# Exercise:
Retype word for word the stretch of entries below from the line that has "文化部長李遠、教育部終身教育" through the line that has "Tutto il suo", and omit the pictures.
--- Data for review Enclosed Below ---
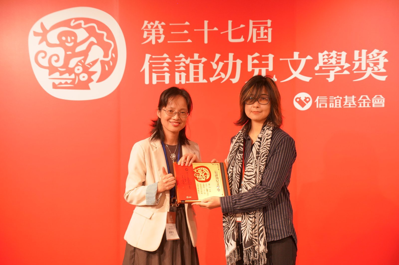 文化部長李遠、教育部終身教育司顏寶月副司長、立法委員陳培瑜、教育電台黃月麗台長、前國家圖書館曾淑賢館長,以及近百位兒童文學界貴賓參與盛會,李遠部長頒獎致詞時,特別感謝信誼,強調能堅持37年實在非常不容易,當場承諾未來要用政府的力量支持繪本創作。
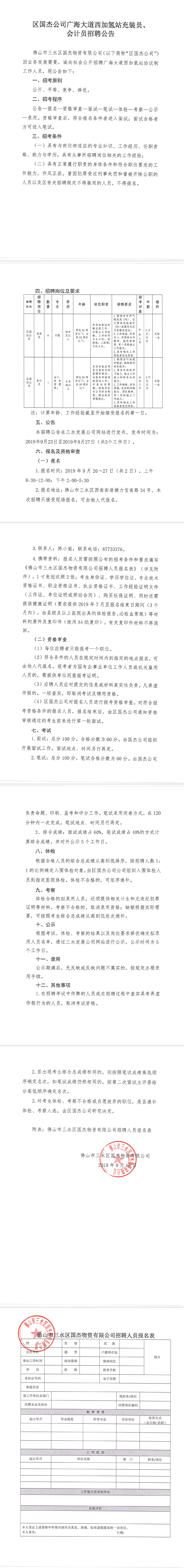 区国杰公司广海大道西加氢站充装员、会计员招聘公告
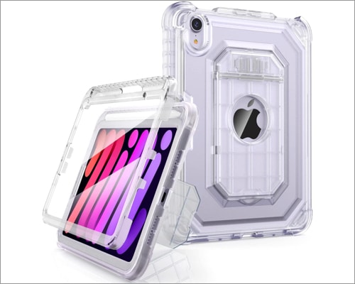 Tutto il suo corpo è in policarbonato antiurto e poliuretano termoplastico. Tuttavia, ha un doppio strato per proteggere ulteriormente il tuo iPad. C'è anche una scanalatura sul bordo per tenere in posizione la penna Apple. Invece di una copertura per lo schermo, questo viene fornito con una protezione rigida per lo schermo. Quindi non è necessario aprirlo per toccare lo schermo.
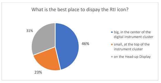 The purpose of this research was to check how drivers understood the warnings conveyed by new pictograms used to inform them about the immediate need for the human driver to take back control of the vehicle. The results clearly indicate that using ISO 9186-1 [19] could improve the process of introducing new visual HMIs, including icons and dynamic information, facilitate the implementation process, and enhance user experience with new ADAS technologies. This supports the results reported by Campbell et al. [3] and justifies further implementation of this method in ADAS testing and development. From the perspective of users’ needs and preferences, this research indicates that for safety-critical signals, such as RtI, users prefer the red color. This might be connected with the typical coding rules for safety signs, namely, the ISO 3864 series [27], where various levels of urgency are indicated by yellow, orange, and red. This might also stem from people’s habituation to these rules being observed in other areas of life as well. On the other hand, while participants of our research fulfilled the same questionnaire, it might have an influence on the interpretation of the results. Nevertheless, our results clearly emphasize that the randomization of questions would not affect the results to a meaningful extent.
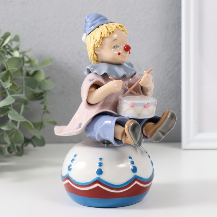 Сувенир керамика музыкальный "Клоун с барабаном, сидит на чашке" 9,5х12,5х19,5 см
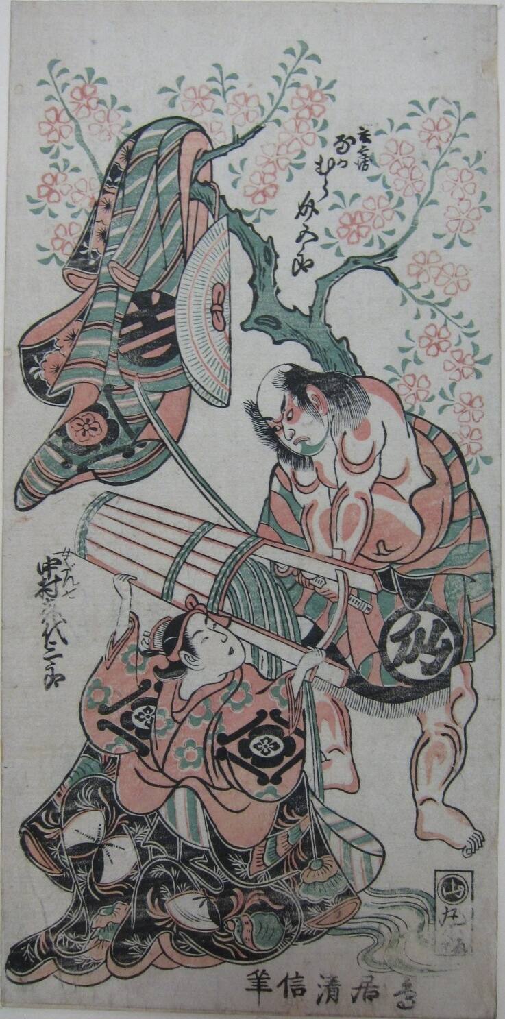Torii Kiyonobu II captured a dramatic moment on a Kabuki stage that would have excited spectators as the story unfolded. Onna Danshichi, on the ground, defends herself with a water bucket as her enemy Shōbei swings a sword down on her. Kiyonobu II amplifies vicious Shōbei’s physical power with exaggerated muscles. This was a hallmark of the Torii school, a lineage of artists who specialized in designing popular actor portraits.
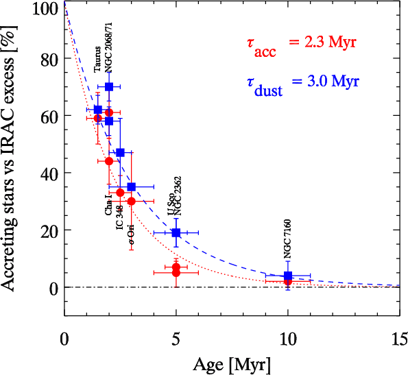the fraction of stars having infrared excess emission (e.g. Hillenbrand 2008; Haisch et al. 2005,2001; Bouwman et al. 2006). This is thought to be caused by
--- End of Enclosed Data for review ---
--- Data for review Enclosed Below ---
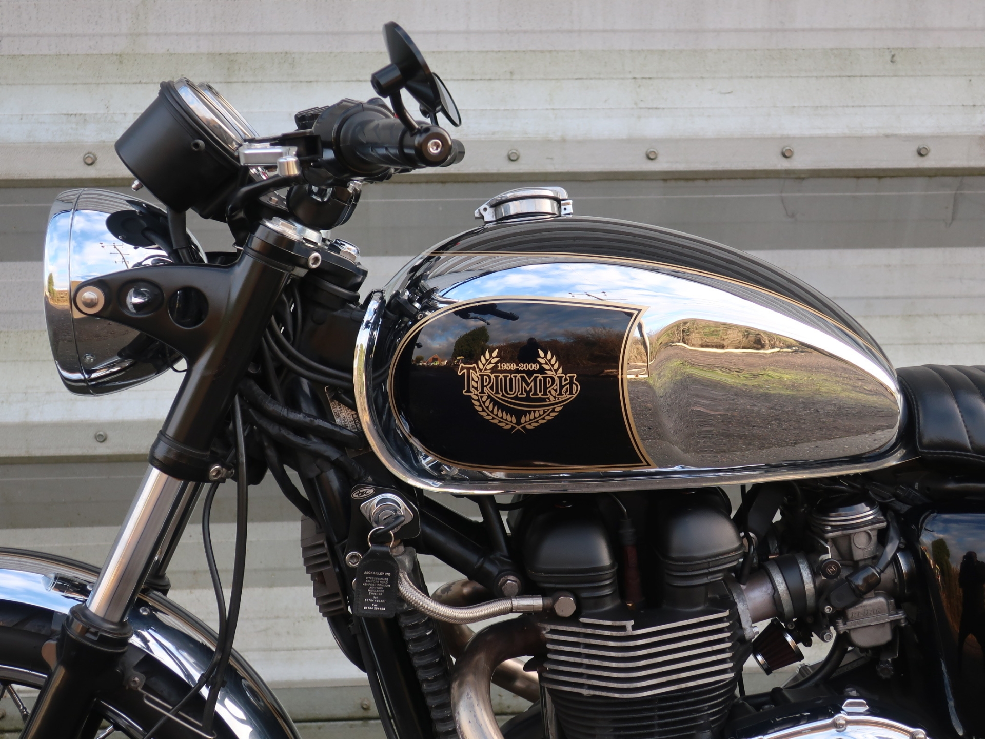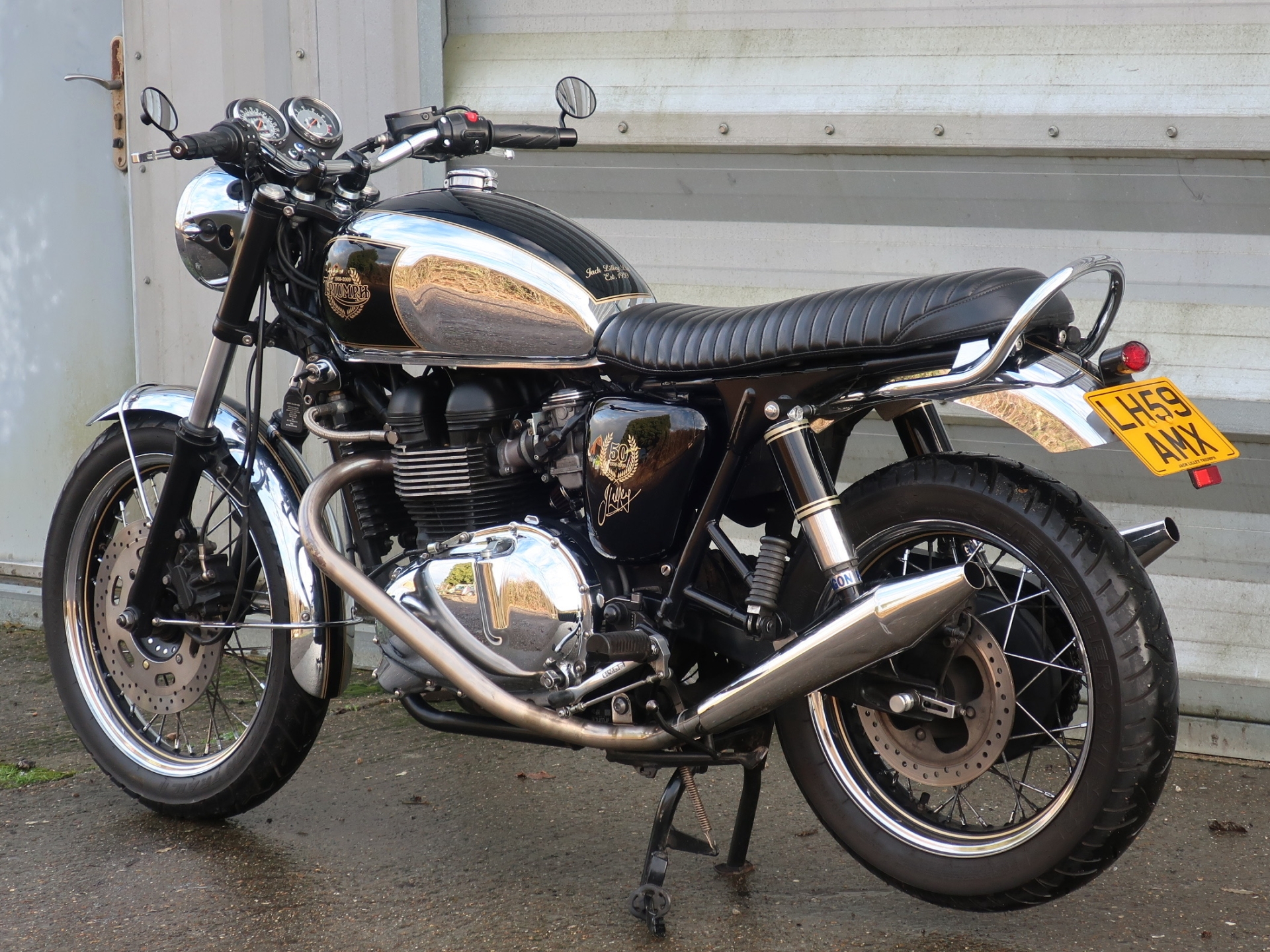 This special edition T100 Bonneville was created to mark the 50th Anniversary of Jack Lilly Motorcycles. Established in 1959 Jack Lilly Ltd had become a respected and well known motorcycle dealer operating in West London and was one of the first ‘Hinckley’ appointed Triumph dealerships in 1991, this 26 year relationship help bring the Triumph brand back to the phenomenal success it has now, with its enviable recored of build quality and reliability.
--- End of Enclosed Data for review ---
--- Data for review Enclosed Below ---
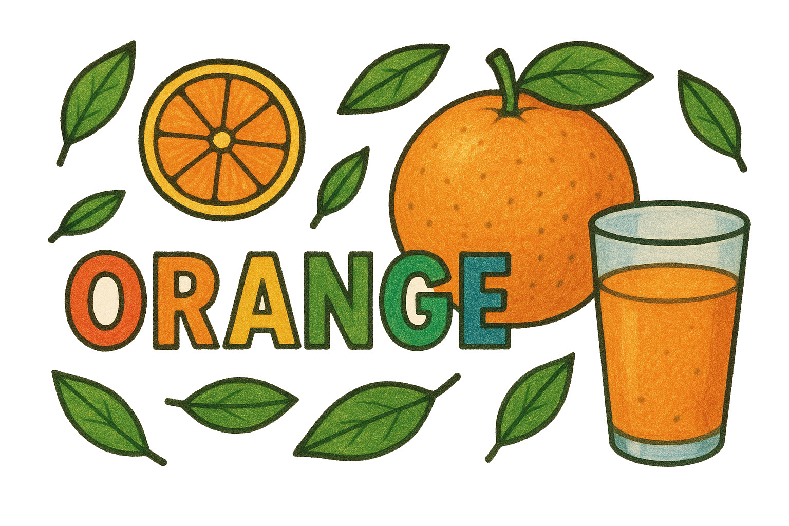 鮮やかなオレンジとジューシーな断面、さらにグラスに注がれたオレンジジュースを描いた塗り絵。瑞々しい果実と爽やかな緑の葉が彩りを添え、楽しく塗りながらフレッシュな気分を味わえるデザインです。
--- End of Enclosed Data for review ---
# Written response:
 文化部長李遠、教育部終身教育司顏寶月副司長、立法委員陳培瑜、教育電台黃月麗台長、前國家圖書館曾淑賢館長,以及近百位兒童文學界貴賓參與盛會,李遠部長頒獎致詞時,特別感謝信誼,強調能堅持37年實在非常不容易,當場承諾未來要用政府的力量支持繪本創作。
 区国杰公司广海大道西加氢站充装员、会计员招聘公告
 Tutto il suo corpo è in policarbonato antiurto e poliuretano termoplastico. Tuttavia, ha un doppio strato per proteggere ulteriormente il tuo iPad. C'è anche una scanalatura sul bordo per tenere in posizione la penna Apple. Invece di una copertura per lo schermo, questo viene fornito con una protezione rigida per lo schermo. Quindi non è necessario aprirlo per toccare lo schermo.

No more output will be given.